«Барин, аристократ, с презрением относился он к толпе, к людям, но всегда хотел дарить этим людям Америки, вести их за собой и заставлять их любить то, что он любит. Дягилев умел любить с юношеским увлечением то картину, то симфонию, то пластическое движение, и умел растроганно умиляться и плакать настоящими крупными слезами перед созданием искусства, но в то же время, открывая для себя и для других новые миры, он не верил до конца в них и никогда не испытывал полного удовлетворения, — не потому ли всегда так грустно, и чем дальше, тем грустнее, улыбались глаза Дягилева?.. Ни одно дело не поглощало его всецело — в душе его всегда оставалось какое-то пустое место, какая-то душевная пустыня, самое страшное в жизни — скука. Отсюда и периодические припадки тоски, отсюда и всевозможные увлечения — страсти — необходимость заполнить пустыню»…

В заключение — еще цитата из Лифаря:

«В жизни он был туристом… Почувствовал ли Сергей Павлович, что в его жизни не всё было ладно, что в своих чувствах он не руководился никаким высшим началом, что в них не было вложено никакого усилия над собой, над своим эгоистическим усилием, — и в нем впервые проснулось раскаяние, которого он не знал в жизни?».

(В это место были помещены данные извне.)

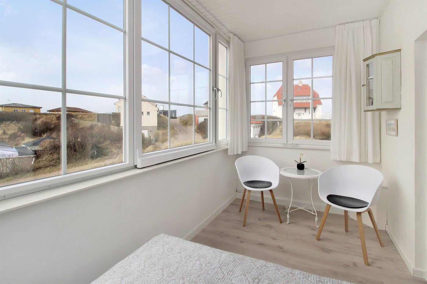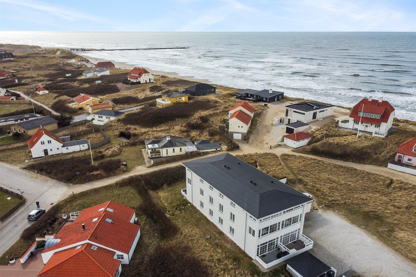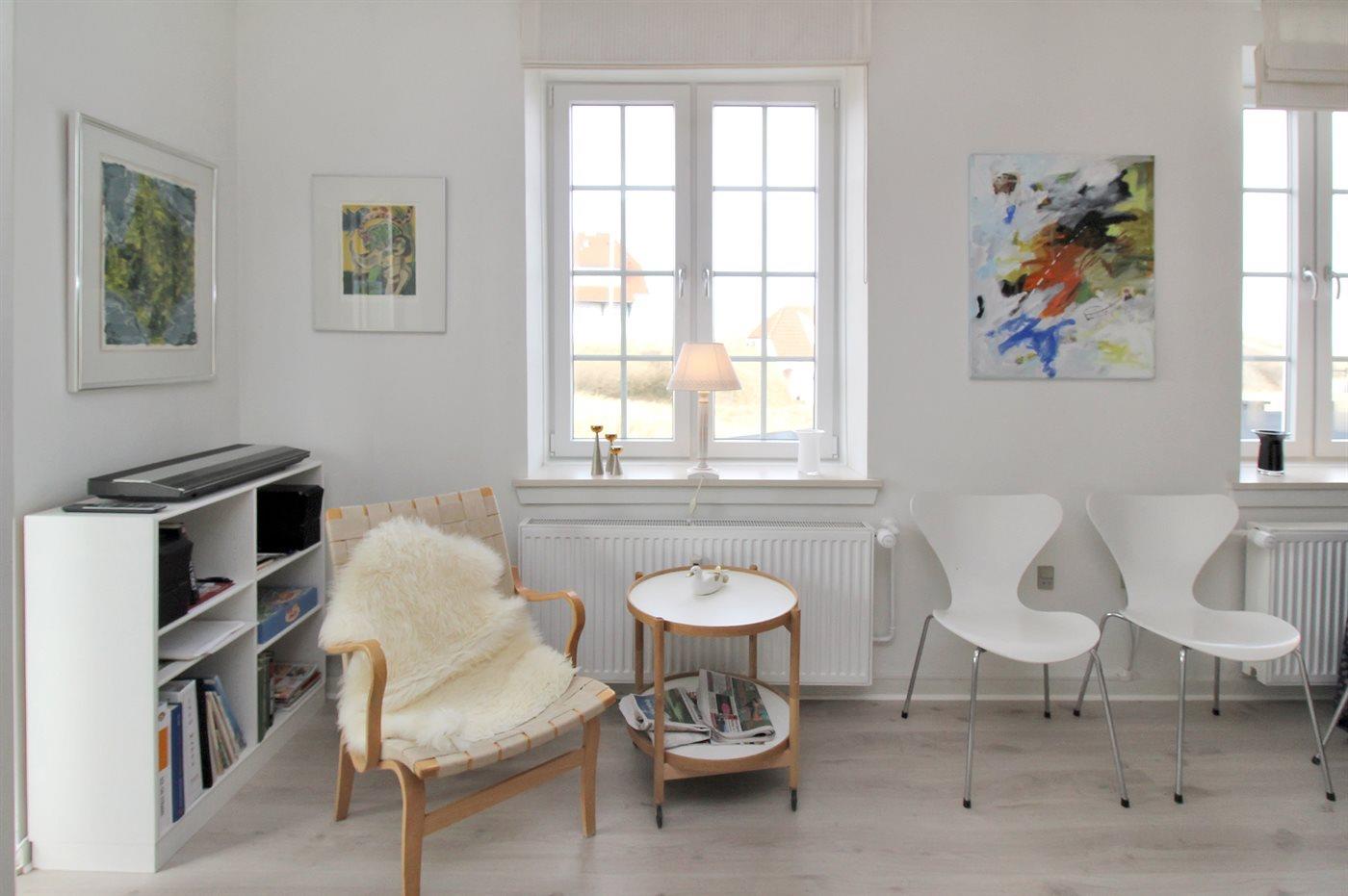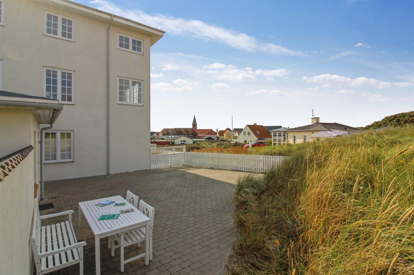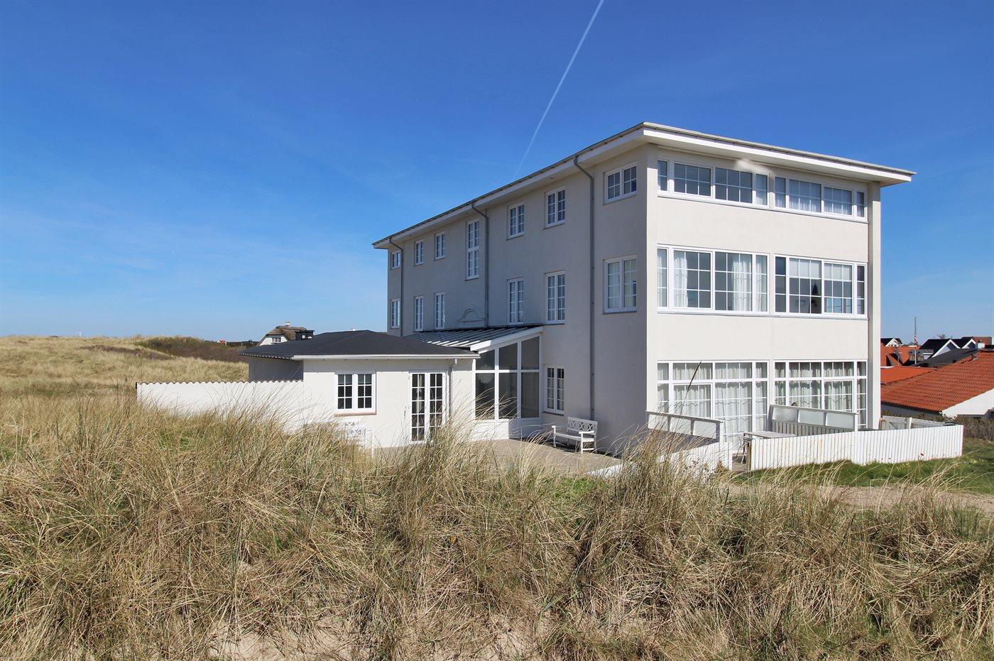 Skøn og meget velholdt ferielejlighed med en lys og indbydende indretning og en attraktiv beliggenhed lige ved stranden og Vesterhavet med direkte udgang til klitterne. Til lejlighederne hører en dejlig stor fælles terrasse med gode læ muligheder, hvorfra en sti fører direkte til stranden. Tæt på ligger centrum med de hyggelige med små gule huse, cafeer, restauranter og butikker.

Кому много дано, с того много и спросится. Сергею Павловичу Дягилеву, при всей вулканической воле его и уме, открытом всем соблазнам красоты, недоставало той мудрости сердца, которая защищает от одиночества перед лицом смерти… Но верно и другое: обладай Сергей Павлович этой мудростью, кто знает? — создал ли бы он то. что создал.

Иннокентий Анненский

Известно, что мы плохо ценим и бережем наших «больших людей», — как часто уходят они почти незаметно и только позже, когда их нет уже, спохватившись, мы сплетаем венки на траурных годовщинах…

Одним из таких неузнанных при жизни был Иннокентий Федорович Анненский. В области литературной он работал, можно сказать, в безвестности и лишь перед самой смертью обратил на себя внимание, примкнув к кружку молодых поэтов, зачинателей журнала, обязанного главным образом ему, Анненскому, первыми своими удачами…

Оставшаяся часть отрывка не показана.